Nothing but an exact repeat of the data, with pictures removed, belongs in the answer.

* Input data:
########################################

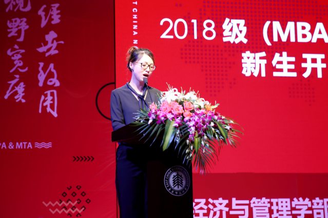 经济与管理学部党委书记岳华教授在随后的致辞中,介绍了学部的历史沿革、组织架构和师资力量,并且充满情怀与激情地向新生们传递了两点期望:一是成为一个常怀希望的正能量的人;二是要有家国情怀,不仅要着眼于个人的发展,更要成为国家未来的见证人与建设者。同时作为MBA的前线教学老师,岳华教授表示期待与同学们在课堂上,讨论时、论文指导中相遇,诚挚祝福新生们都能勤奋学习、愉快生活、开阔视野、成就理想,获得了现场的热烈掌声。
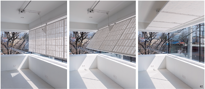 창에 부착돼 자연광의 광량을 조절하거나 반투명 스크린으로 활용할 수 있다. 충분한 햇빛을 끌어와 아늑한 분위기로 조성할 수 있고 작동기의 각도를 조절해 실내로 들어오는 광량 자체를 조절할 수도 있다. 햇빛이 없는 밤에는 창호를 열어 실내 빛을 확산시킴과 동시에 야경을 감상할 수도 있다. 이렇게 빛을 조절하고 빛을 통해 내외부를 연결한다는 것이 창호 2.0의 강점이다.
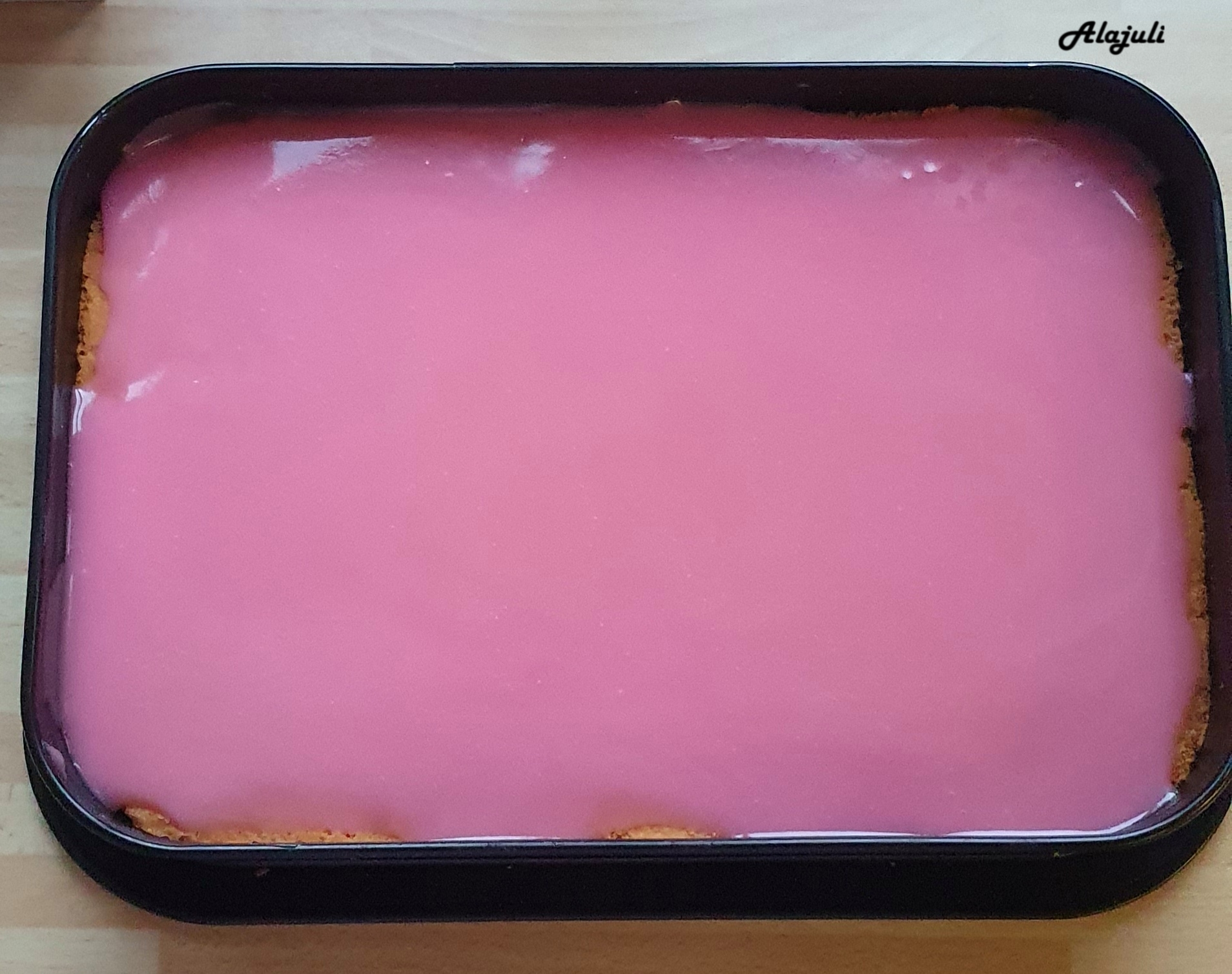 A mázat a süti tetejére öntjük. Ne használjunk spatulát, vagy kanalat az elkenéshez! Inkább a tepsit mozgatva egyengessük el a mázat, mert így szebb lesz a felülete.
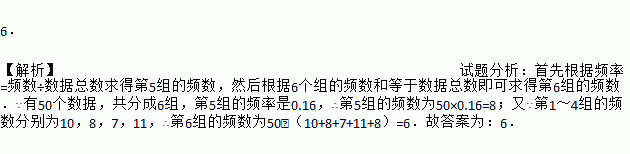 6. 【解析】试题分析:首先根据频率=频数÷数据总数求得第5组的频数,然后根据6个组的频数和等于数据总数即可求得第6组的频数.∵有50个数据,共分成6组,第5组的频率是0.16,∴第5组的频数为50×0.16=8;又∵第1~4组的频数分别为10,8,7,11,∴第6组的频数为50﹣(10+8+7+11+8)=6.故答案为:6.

########################################

* Output below:
 经济与管理学部党委书记岳华教授在随后的致辞中,介绍了学部的历史沿革、组织架构和师资力量,并且充满情怀与激情地向新生们传递了两点期望:一是成为一个常怀希望的正能量的人;二是要有家国情怀,不仅要着眼于个人的发展,更要成为国家未来的见证人与建设者。同时作为MBA的前线教学老师,岳华教授表示期待与同学们在课堂上,讨论时、论文指导中相遇,诚挚祝福新生们都能勤奋学习、愉快生活、开阔视野、成就理想,获得了现场的热烈掌声。
 창에 부착돼 자연광의 광량을 조절하거나 반투명 스크린으로 활용할 수 있다. 충분한 햇빛을 끌어와 아늑한 분위기로 조성할 수 있고 작동기의 각도를 조절해 실내로 들어오는 광량 자체를 조절할 수도 있다. 햇빛이 없는 밤에는 창호를 열어 실내 빛을 확산시킴과 동시에 야경을 감상할 수도 있다. 이렇게 빛을 조절하고 빛을 통해 내외부를 연결한다는 것이 창호 2.0의 강점이다.
 A mázat a süti tetejére öntjük. Ne használjunk spatulát, vagy kanalat az elkenéshez! Inkább a tepsit mozgatva egyengessük el a mázat, mert így szebb lesz a felülete.
 6. 【解析】试题分析:首先根据频率=频数÷数据总数求得第5组的频数,然后根据6个组的频数和等于数据总数即可求得第6组的频数.∵有50个数据,共分成6组,第5组的频率是0.16,∴第5组的频数为50×0.16=8;又∵第1~4组的频数分别为10,8,7,11,∴第6组的频数为50﹣(10+8+7+11+8)=6.故答案为:6.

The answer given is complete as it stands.